# Exercise
All lines from the one that contains "Kapcie damskie wykonane" to the end of the data must be retyped exactly. Pictures are not retyped.

# Collected data
* * *

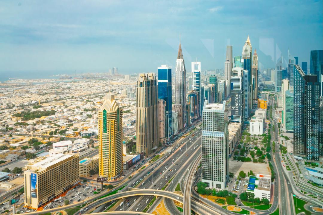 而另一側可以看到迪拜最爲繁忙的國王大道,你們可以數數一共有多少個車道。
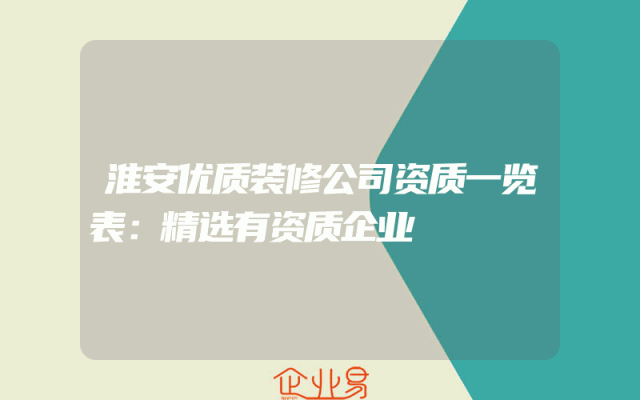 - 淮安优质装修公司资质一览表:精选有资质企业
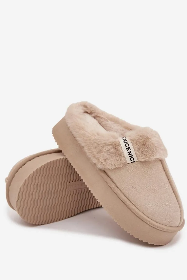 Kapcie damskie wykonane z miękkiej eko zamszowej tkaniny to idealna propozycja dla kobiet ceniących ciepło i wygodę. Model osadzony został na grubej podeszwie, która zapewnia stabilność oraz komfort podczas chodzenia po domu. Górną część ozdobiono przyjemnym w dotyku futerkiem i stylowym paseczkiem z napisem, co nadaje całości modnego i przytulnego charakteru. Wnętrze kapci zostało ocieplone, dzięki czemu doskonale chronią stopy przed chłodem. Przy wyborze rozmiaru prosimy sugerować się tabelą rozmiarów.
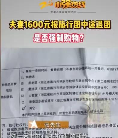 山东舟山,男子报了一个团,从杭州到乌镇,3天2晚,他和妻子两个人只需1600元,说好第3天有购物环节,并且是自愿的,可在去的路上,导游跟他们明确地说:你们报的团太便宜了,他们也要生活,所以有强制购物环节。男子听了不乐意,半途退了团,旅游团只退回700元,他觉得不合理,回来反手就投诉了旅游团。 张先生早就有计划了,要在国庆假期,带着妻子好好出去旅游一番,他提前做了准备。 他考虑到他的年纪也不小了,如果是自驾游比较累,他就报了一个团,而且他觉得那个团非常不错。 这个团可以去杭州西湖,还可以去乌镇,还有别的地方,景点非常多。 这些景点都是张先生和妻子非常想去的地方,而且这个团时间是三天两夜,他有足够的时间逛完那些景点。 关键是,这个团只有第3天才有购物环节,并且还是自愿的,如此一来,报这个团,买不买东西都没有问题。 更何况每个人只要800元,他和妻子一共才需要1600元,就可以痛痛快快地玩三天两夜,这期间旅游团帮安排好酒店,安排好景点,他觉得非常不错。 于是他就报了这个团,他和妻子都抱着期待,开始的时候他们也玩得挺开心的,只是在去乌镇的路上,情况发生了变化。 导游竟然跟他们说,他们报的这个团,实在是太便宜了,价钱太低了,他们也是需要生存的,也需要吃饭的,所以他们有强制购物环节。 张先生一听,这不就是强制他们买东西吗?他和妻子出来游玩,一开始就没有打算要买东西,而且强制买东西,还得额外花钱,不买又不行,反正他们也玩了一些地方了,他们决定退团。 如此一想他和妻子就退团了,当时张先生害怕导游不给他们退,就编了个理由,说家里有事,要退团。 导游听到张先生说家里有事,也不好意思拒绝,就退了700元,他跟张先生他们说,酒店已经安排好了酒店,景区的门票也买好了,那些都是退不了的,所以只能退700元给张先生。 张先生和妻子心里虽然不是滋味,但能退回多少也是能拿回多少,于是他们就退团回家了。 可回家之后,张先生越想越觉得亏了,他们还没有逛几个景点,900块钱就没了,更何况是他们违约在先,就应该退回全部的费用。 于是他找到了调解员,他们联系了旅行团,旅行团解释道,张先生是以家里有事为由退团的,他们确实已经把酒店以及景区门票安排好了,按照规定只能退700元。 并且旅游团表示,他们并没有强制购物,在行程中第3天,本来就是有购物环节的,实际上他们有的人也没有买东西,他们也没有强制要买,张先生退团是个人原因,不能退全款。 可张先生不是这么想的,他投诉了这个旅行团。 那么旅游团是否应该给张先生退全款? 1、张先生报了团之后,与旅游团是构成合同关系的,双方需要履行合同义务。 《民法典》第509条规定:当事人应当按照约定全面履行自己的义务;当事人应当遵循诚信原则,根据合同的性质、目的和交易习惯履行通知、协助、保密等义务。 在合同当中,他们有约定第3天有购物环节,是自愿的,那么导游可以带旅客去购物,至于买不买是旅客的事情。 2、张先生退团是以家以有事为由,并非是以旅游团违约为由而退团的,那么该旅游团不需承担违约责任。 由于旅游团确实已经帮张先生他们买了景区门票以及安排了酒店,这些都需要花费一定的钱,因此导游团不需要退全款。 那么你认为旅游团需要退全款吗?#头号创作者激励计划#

* * *

# Output for this exercise
 Kapcie damskie wykonane z miękkiej eko zamszowej tkaniny to idealna propozycja dla kobiet ceniących ciepło i wygodę. Model osadzony został na grubej podeszwie, która zapewnia stabilność oraz komfort podczas chodzenia po domu. Górną część ozdobiono przyjemnym w dotyku futerkiem i stylowym paseczkiem z napisem, co nadaje całości modnego i przytulnego charakteru. Wnętrze kapci zostało ocieplone, dzięki czemu doskonale chronią stopy przed chłodem. Przy wyborze rozmiaru prosimy sugerować się tabelą rozmiarów.
 山东舟山,男子报了一个团,从杭州到乌镇,3天2晚,他和妻子两个人只需1600元,说好第3天有购物环节,并且是自愿的,可在去的路上,导游跟他们明确地说:你们报的团太便宜了,他们也要生活,所以有强制购物环节。男子听了不乐意,半途退了团,旅游团只退回700元,他觉得不合理,回来反手就投诉了旅游团。 张先生早就有计划了,要在国庆假期,带着妻子好好出去旅游一番,他提前做了准备。 他考虑到他的年纪也不小了,如果是自驾游比较累,他就报了一个团,而且他觉得那个团非常不错。 这个团可以去杭州西湖,还可以去乌镇,还有别的地方,景点非常多。 这些景点都是张先生和妻子非常想去的地方,而且这个团时间是三天两夜,他有足够的时间逛完那些景点。 关键是,这个团只有第3天才有购物环节,并且还是自愿的,如此一来,报这个团,买不买东西都没有问题。 更何况每个人只要800元,他和妻子一共才需要1600元,就可以痛痛快快地玩三天两夜,这期间旅游团帮安排好酒店,安排好景点,他觉得非常不错。 于是他就报了这个团,他和妻子都抱着期待,开始的时候他们也玩得挺开心的,只是在去乌镇的路上,情况发生了变化。 导游竟然跟他们说,他们报的这个团,实在是太便宜了,价钱太低了,他们也是需要生存的,也需要吃饭的,所以他们有强制购物环节。 张先生一听,这不就是强制他们买东西吗?他和妻子出来游玩,一开始就没有打算要买东西,而且强制买东西,还得额外花钱,不买又不行,反正他们也玩了一些地方了,他们决定退团。 如此一想他和妻子就退团了,当时张先生害怕导游不给他们退,就编了个理由,说家里有事,要退团。 导游听到张先生说家里有事,也不好意思拒绝,就退了700元,他跟张先生他们说,酒店已经安排好了酒店,景区的门票也买好了,那些都是退不了的,所以只能退700元给张先生。 张先生和妻子心里虽然不是滋味,但能退回多少也是能拿回多少,于是他们就退团回家了。 可回家之后,张先生越想越觉得亏了,他们还没有逛几个景点,900块钱就没了,更何况是他们违约在先,就应该退回全部的费用。 于是他找到了调解员,他们联系了旅行团,旅行团解释道,张先生是以家里有事为由退团的,他们确实已经把酒店以及景区门票安排好了,按照规定只能退700元。 并且旅游团表示,他们并没有强制购物,在行程中第3天,本来就是有购物环节的,实际上他们有的人也没有买东西,他们也没有强制要买,张先生退团是个人原因,不能退全款。 可张先生不是这么想的,他投诉了这个旅行团。 那么旅游团是否应该给张先生退全款? 1、张先生报了团之后,与旅游团是构成合同关系的,双方需要履行合同义务。 《民法典》第509条规定:当事人应当按照约定全面履行自己的义务;当事人应当遵循诚信原则,根据合同的性质、目的和交易习惯履行通知、协助、保密等义务。 在合同当中,他们有约定第3天有购物环节,是自愿的,那么导游可以带旅客去购物,至于买不买是旅客的事情。 2、张先生退团是以家以有事为由,并非是以旅游团违约为由而退团的,那么该旅游团不需承担违约责任。 由于旅游团确实已经帮张先生他们买了景区门票以及安排了酒店,这些都需要花费一定的钱,因此导游团不需要退全款。 那么你认为旅游团需要退全款吗?#头号创作者激励计划#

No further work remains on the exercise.